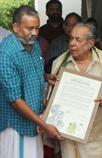 പത്തനംതിട്ട: ഉപ്പായി മാപ്പിള എന്ന കഥാപാത്രത്തെ വരകളില് സൃഷ്ടിച്ച ജോര്ജ് കു മ്പനാടിന് കേരള കാര്ട്ടൂണ് അക്കാദമിയുടെ വിശിഷ്ടാംഗത്വം സമര്പ്പിച്ചു. കുമ്പ നാ ട്ടെ അദ്ദേഹത്തിന്റെ വസതിയില് ചേര്ന്ന ലളിതമായ ചടങ്ങില് മന്ത്രി പി പ്രസാ ദ് വിശിഷ്ടാംഗത്വ ഫലകം കൈമാറി. പത്തനംതിട്ട പ്രസ് ക്ലബ്ബിന്റെ സഹകരണ ത്തോ ടെ യായിരുന്നു പരിപാടി.
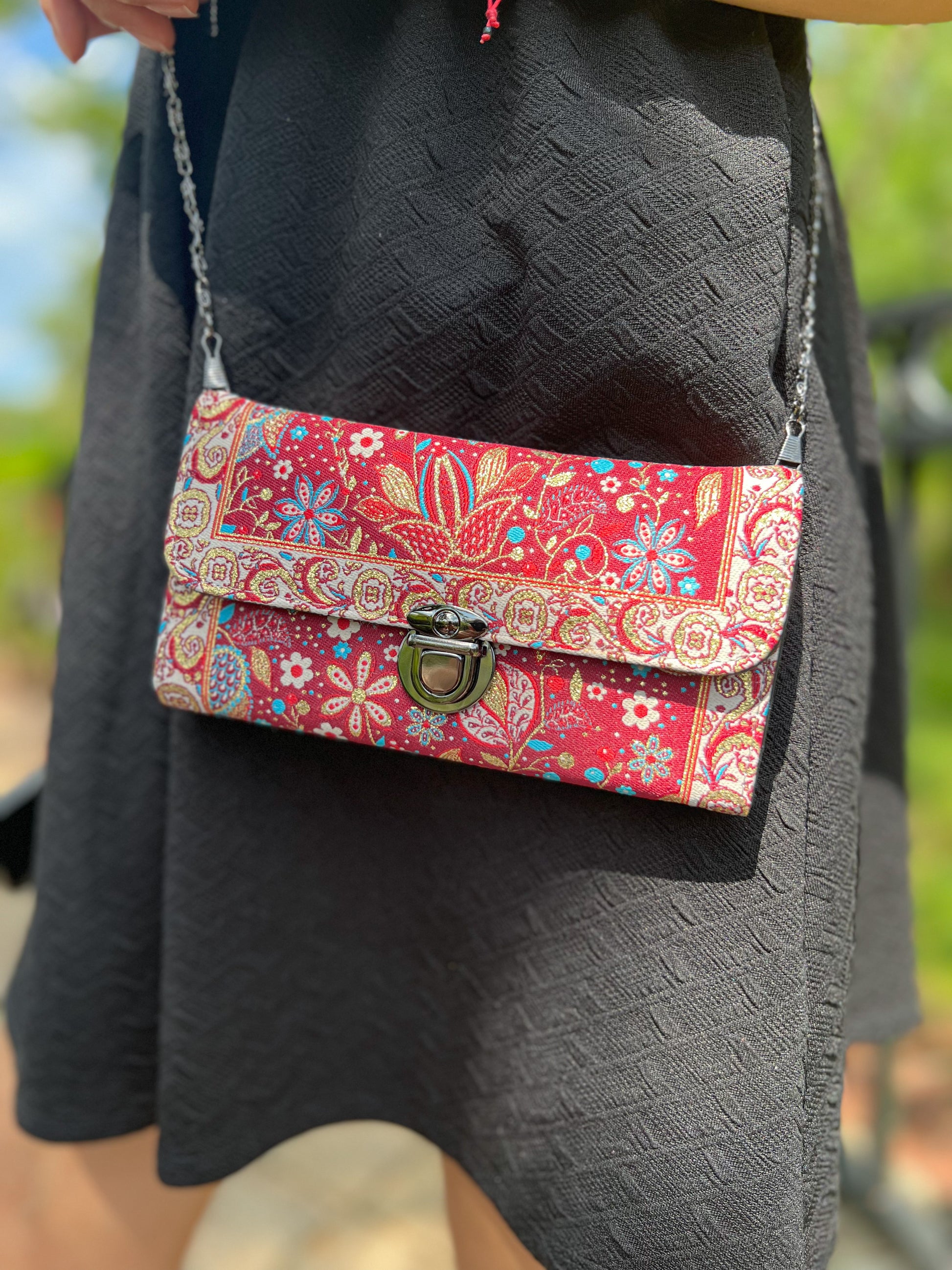 This Boho crossbody bag is made of Turkish carpet patterned brocade fabric and vegan leather. It has a metal clasp and metal chain. It can be used as a trifold wallet when you take the chain out.
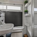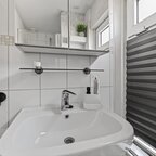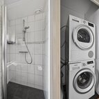 Eerste verdieping: op de overloop bevindt zich een wasmachine bergruimte; verder telt de verdieping drie slaapkamers, waarvan één met een vaste kast, en een moderne badkamer met wastafel en douchecabine.
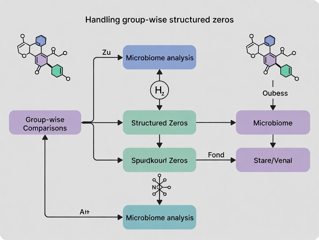 This comprehensive guide addresses the critical challenge of group-wise structured zeros in microbiome data analysis, a common yet often-misunderstood phenomenon where biological absence differs from technical missingness. Tailored for researchers, scientists, and drug development professionals, the article explores the foundational biology behind these zeros, presents and compares current methodological solutions from specialized R packages, provides troubleshooting and optimization strategies for real-world datasets, and validates approaches through comparative analysis. The goal is to equip practitioners with the knowledge to choose and implement appropriate analytical frameworks, thereby increasing the robustness and biological relevance of their findings in therapeutic and diagnostic development.
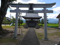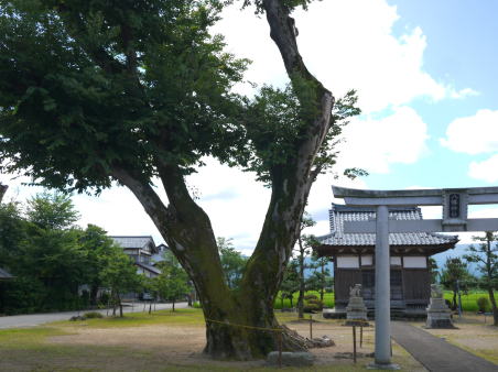JR越美北線(九頭竜線)が和泉村方面から下り、九頭竜川を渡り、真名川を渡る手前あたりの水田が広がる上麻生嶋地区にある八幡神社の境内にあるケヤキ。大きくVの字に広がる大きな2本の幹は、融合木でしょうか。しっかりと大地に根を張り込んでいるといった風格を感じさせます。内側の幹の枝がやや元気がなさそうに見えるのが気になりますが、気持ちのいいケヤキです。
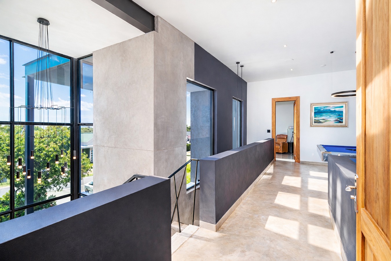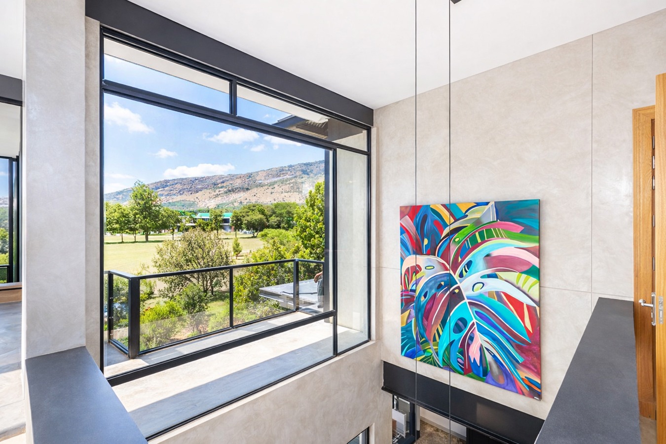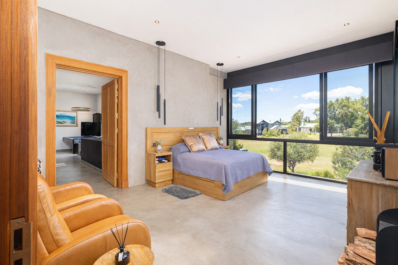Upstairs offers a spacious pyjama lounge and entertainment area that opens onto a large balcony with folding doors and breathtaking views. Two generously sized bedrooms each feature en-suite bathrooms.

* * * *

■ **How to complete this task**: Retype the listing above exactly. Pictures are not part of the copy.

■ **Response for this exercise**:
 പത്തനംതിട്ട: ഉപ്പായി മാപ്പിള എന്ന കഥാപാത്രത്തെ വരകളില് സൃഷ്ടിച്ച ജോര്ജ് കു മ്പനാടിന് കേരള കാര്ട്ടൂണ് അക്കാദമിയുടെ വിശിഷ്ടാംഗത്വം സമര്പ്പിച്ചു. കുമ്പ നാ ട്ടെ അദ്ദേഹത്തിന്റെ വസതിയില് ചേര്ന്ന ലളിതമായ ചടങ്ങില് മന്ത്രി പി പ്രസാ ദ് വിശിഷ്ടാംഗത്വ ഫലകം കൈമാറി. പത്തനംതിട്ട പ്രസ് ക്ലബ്ബിന്റെ സഹകരണ ത്തോ ടെ യായിരുന്നു പരിപാടി.
 This Boho crossbody bag is made of Turkish carpet patterned brocade fabric and vegan leather. It has a metal clasp and metal chain. It can be used as a trifold wallet when you take the chain out.
 Eerste verdieping: op de overloop bevindt zich een wasmachine bergruimte; verder telt de verdieping drie slaapkamers, waarvan één met een vaste kast, en een moderne badkamer met wastafel en douchecabine.
 This comprehensive guide addresses the critical challenge of group-wise structured zeros in microbiome data analysis, a common yet often-misunderstood phenomenon where biological absence differs from technical missingness. Tailored for researchers, scientists, and drug development professionals, the article explores the foundational biology behind these zeros, presents and compares current methodological solutions from specialized R packages, provides troubleshooting and optimization strategies for real-world datasets, and validates approaches through comparative analysis. The goal is to equip practitioners with the knowledge to choose and implement appropriate analytical frameworks, thereby increasing the robustness and biological relevance of their findings in therapeutic and diagnostic development.
JR越美北線(九頭竜線)が和泉村方面から下り、九頭竜川を渡り、真名川を渡る手前あたりの水田が広がる上麻生嶋地区にある八幡神社の境内にあるケヤキ。大きくVの字に広がる大きな2本の幹は、融合木でしょうか。しっかりと大地に根を張り込んでいるといった風格を感じさせます。内側の幹の枝がやや元気がなさそうに見えるのが気になりますが、気持ちのいいケヤキです。
Upstairs offers a spacious pyjama lounge and entertainment area that opens onto a large balcony with folding doors and breathtaking views. Two generously sized bedrooms each feature en-suite bathrooms.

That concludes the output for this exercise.